Visual Representation of Consensus Protocol in KRaft Mode:
- Basic: https://raft.github.io/
- Advanced: https://thesecretlivesofdata.com/raft/
🏭 Practical use cases of Kafka in top companies
[Reference: https://axual.com/apache-kafka-use-cases-in-real-life/]
Check here for official references - Kafka's Practical Usecases 😲
LinkedIn's Use Case: "Apache Kafka is used at LinkedIn for activity stream data and operational metrics. This powers various products like LinkedIn Newsfeed, LinkedIn Today in addition to our offline analytics systems like Hadoop."
🧰 Key Components in Kafka

1. Servers:
Since Kafka is a distributed system, it can be deployed on one or more servers independent of the regions as a group of brokers and "Kafka Connect".
1.1. Broker: It is responsible for managing the storage/events
1.2. Kafka Connect: For integrating Kafka with existing app, database and/or other Kafka servers/clusters.
1.3. Kafka Controller: It is part of the Quorum Controller, which manages metadata and ensures consistency across the cluster using the Raft protocol. It handles tasks like leader election, topic creation, and partition management.
2. Clients:
These are 2 types of clients involved in Kafka:
2.1. Producer: This client is the publisher who sends the events.
2.2. Consumer: This client is the subscriber who receives/listens to the events.
There can be any number of producers and consumers in a given architecture.
🔍 How different consumers filter different type of events in an architecture?
Events are linked with topics. In simple words, Topic refers to a group (e.g., Car) and events refer to the actual data (e.g., car speed, fuel etc).
Let's take another example to understand it better. Hospital wants to keep track of health devices' metrics of its patients. So, they will create the following topics in Kafka Broker: HeartRate-Monitor, BloodPressure-Sensor, Temperature-Sensor. These sensors will send events to one of their corresponding topics and will contain sensor ID, sensor value, timestamp.
I hope you have a better understanding of Topics and Events now :)
🚀 Increasing Kafka Topics' Performance
For enabling parallel processing within a topic, we use partitions. (similar to the concept of Sharding in Databases) In case of multiple brokers, these partitions are placed on different broker servers to allow scalability. Partitions mean splitting the actual list of events into n separate groups based on some app level logic.
It is important to carefully pick the number of partitions as a very large number can degrade overall performance.
📊 Benchmarks
Detailed Benchmarks comparing with other alternatives. Check here
🚨 Fault Tolerance and High Availability
Every topic can be replicated across multiple regions/brokers so in case of failure, at least one broker will always have a copy of the original data. (Popular Replication Factor is 3. It means there will be 3 copies of the data.)
🔑 Data Security
[Reference: https://developer.ibm.com/learningpaths/develop-kafka-apps/more-resources/auth-kafka]
To avoid Man-in-the-middle attack (MITM), we have options for enabling SSL or SASL, keystores, Kerberos etc.

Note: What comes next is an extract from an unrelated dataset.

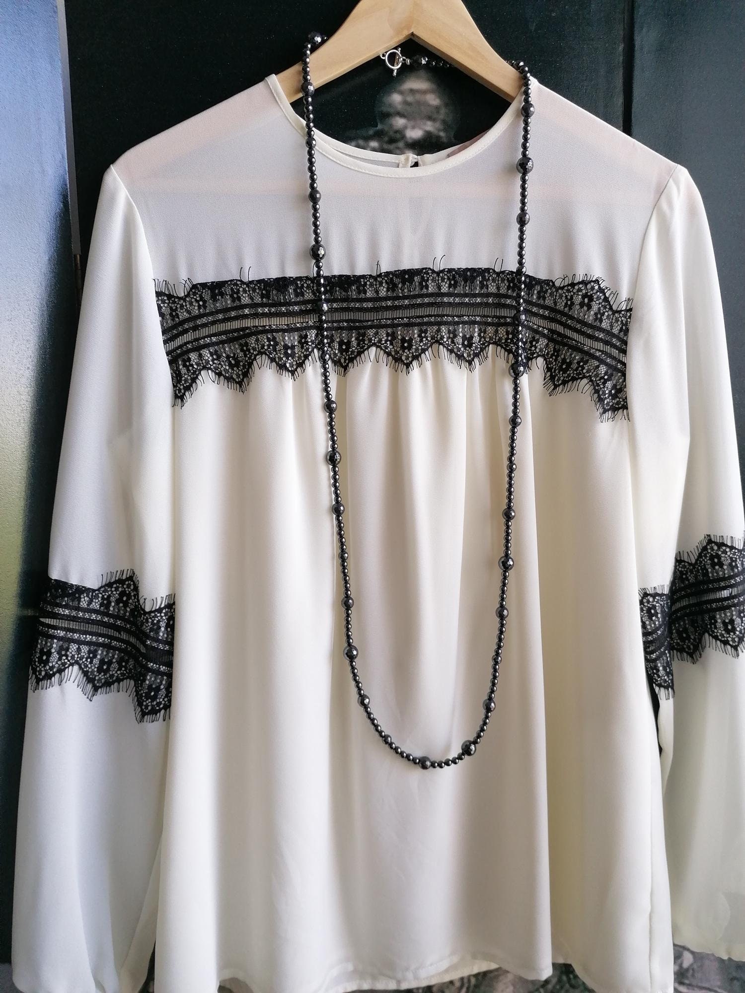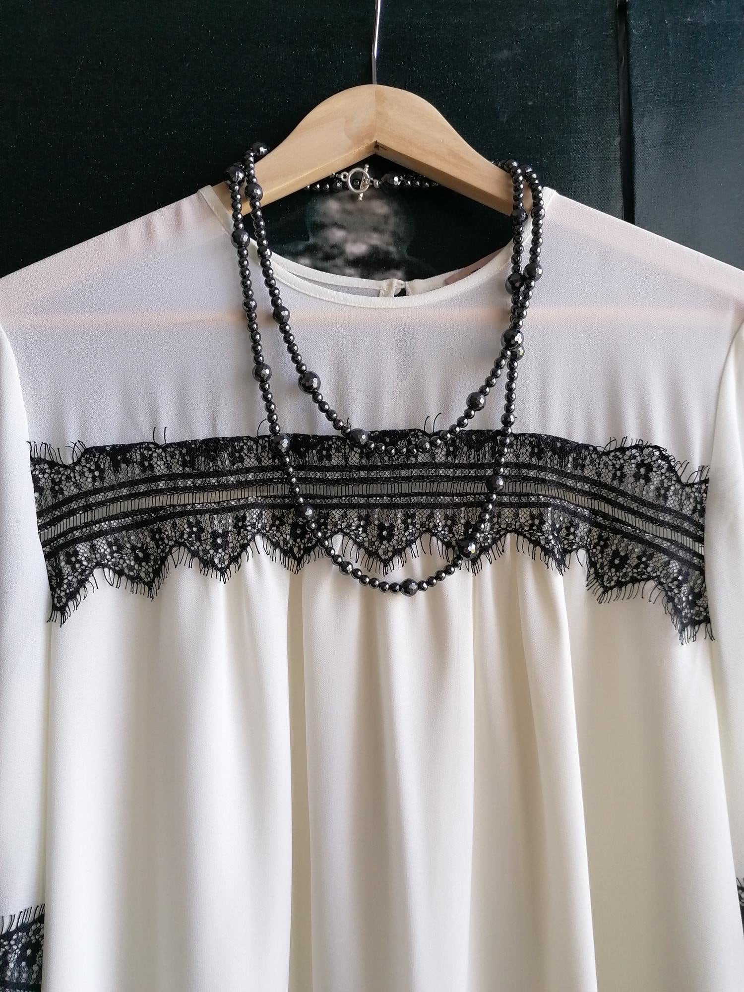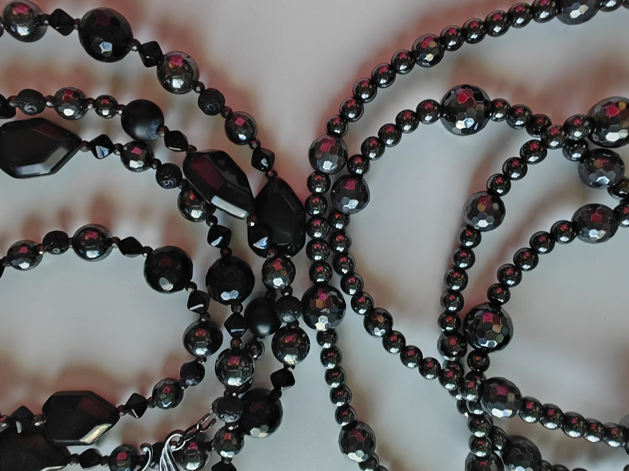 The second necklace features a monochrome design made from various black and anthracite stones. The necklace is approximately 128 cm long. It is crafted from round hematite beads (faceted beads 8 mm, high-gloss beads 10 mm, and 6 mm), small lava stone beads (6 mm), onyx beads (faceted beads 12 mm, round matte beads 10 mm, and square beads 22 mm x 15 mm x 9 mm), faceted spinel beads in black and anthracite (3 mm), and black Bohemian glass beads (small pyramids approx. 5 mm and hex beads approx. 8 mm). The S-shaped clasp is black. This delicate necklace can be worn in various ways, including as a bracelet. It is suitable for everyday wear as well as for special occasions, in summer or winter, and can be combined with other necklaces. A wonderful piece of jewelry to give as a gift!

Also, We don't want producers / consumers to interact with data or topics which they are not allowed to interact with. For this reason, we have Admin API in Kafka which can be used to configure these settings and manage Access Control List (ACL) similar to those in AWS.
🤔 FAQ
1. Why not UDP or other protocols used in Kafka?
[Source: kafka.apache.org/protocol.html#protocol_philosophy]
- Client implementers can make use of some more advanced TCP features.
- It makes it very hard to add and test new features if they have to be ported across many protocol implementations.
- The mapping between binary log format and wire protocol is managed carefully in Kafka and this would not be possible with systems like Protocol Buffers or Thrift.
- Flow control in TCP ensures that Kafka's producers and consumers operate at compatible speeds, aligning with Kafka's requirements for durability and guaranteed ordering.
📌 Conclusion
I understand that it was just theory and might not be interesting at all but understanding these concepts is important before diving into the Kafka implementation.